You always know that no matter what gross code you wrote, or what hacks you put in to support your use case, once your paper had its results, you didn’t have to care about the code anymore. Culturally, I believe that this leads to a very different kind of value system for the researchers. Automation brings little to no value, because in the grand scheme of your research, you’re very unlikely to be doing the same set of steps all that often.
Systems and infrastructure at universities tend to be very lightly used. Upgrades seldom happen. Security is often ignored, etc. Again, very little maintenance really matters to these groups of people. # Mutability is a feature
That being said, mutability is often a feature, because mutability is often a source of performance and short term productivity. When you’re iterating on research code in HPC, it’s quite common that there’s simply no way to truly test your code from a local development environment. Data sets might be so large, and system requirements might be so large to get any kind of valuable signal, that you only truly see bugs or behaviors at stateful scale. Speed of iteration is one of the most highly valued parts of development. You don’t want to have to wait for a full build and release cycle for your immutable application artifacts. You want to update some code and run your batch job and that should be the end of your development cycle.
Mutability isn’t treated as a bug or a critical security vulnerability. Reproducibility of the dev environment doesn’t matter, because you’ll throw the dev environment away after the paper is complete for your dissertation.
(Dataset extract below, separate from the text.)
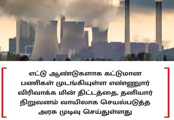 திட்ட செலவு, 4,442 கோடி ரூபாய். அந்நிறுவனம் ஓராண்டுக்குள் பணிகளை துவக்காததால், ஒப்பந்த ஆணை ரத்து செய்யப்பட்டது. எட்டு ஆண்டுகளாக கட்டுமான பணிகள் முடங்கியுள்ள எண்ணுார் விரிவாக்க மின் திட்டத்தை, தனியார் நிறுவனம் வாயிலாக வடிவமைப்பு, கட்டுமானம், நிதி, இயக்குதல் என்ற அடிப்படையில், ஒப்பந்த நிறுவனமே தன் செலவில் அமைத்து, நடத்தும் வகையில் செயல்படுத்த , அரசு முடிவு செய்துள்ளது.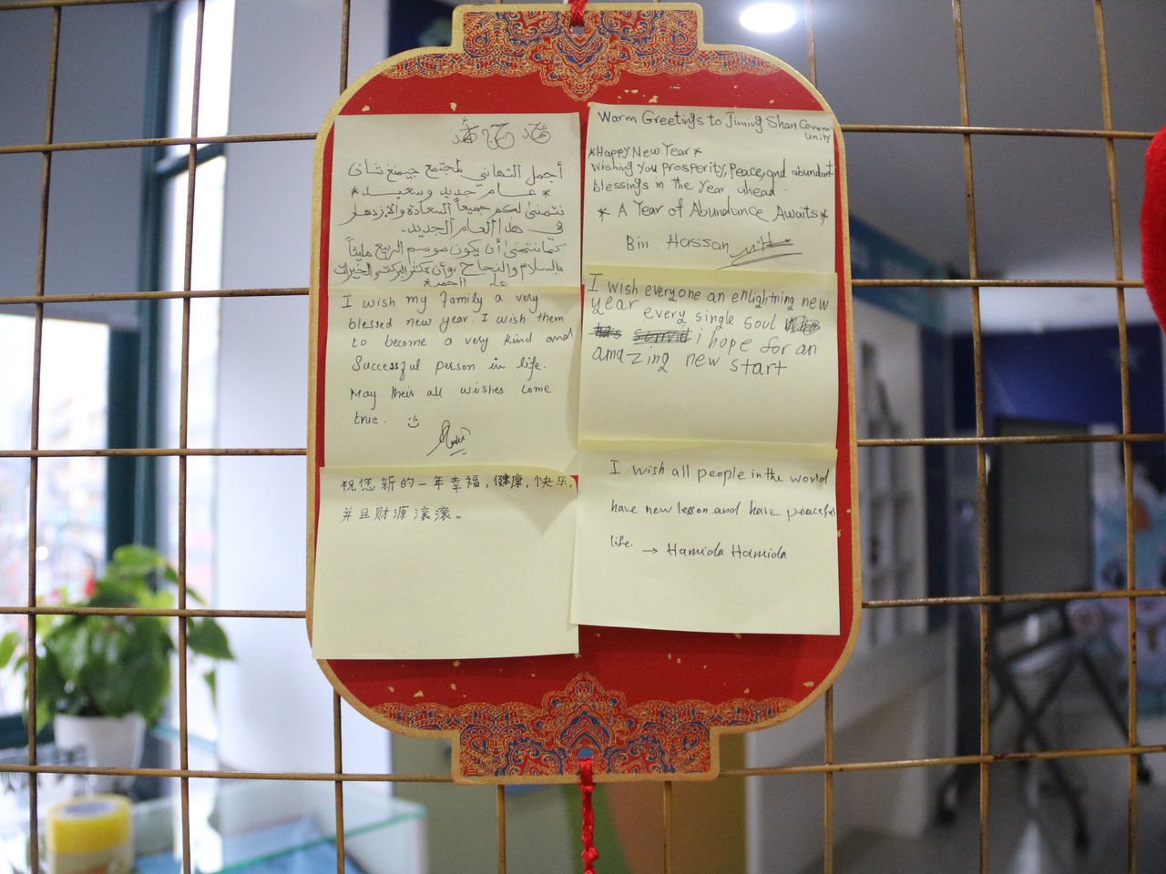 鸡鸣山社区外籍居民写下自己的新春愿望。鸡鸣山社区供图

Mutability is a feature, because the benefits of immutable infrastructure are considered irrelevant by most academics.
Your value system and their value system are different
All of this culminates in the same pattern that I’ve seen repeatedly. People from the different backgrounds consider the other side to be ignorant, and this creates a divisive relationship. “The researchers are bad engineers” is something that I’ve said myself and have heard so often. But in hindsight, it’s all a function of the reward system. And I think it’s important to take a step back and understand that. Building the resentment is not going to help anyone. Some engineers come from cloud distributed systems, and some come from HPC. These are being fused together and are now being called AI/ML engineers. Both backgrounds have valuable skills and we should learn from each other.
I, for one, believe that there’s a way to do both. In a Slurm-based HPC environment, you might never use a container to package your dependencies up. You might depend purely on your NFS being mounted to all compute worker nodes. Some slurm teams are adopting pyxis and enroot, which is a step towards modern immutable infrastructure practices, but unlike a modern backend application, these containers likely don’t contain application code, which will get synchronized in another way. Researchers don’t want to wait for complicated build pipelines for their code to get updated and distributed. But I think there are better ways. I think there are ways to optimize the tools and platforms for a modern stack to such a point where there’s practically no difference in terms of developer productivity. On my semi-retired technical newsletter, I wrote about having fast docker builds. When all you’re changing in a docker container is the application code in the final layer, you can get docker builds, pushes, and pulls down in under 10 seconds. Maybe that’s fast enough for what feels like a mutable development environment, but in fact, every single job submission is its own immutable container.
Alas, this doesn’t really solve the problems for the lineage and provenance of the data itself. I know there are tools like pachyderm or dvc that attempt to address this too. But maybe that’s for another day.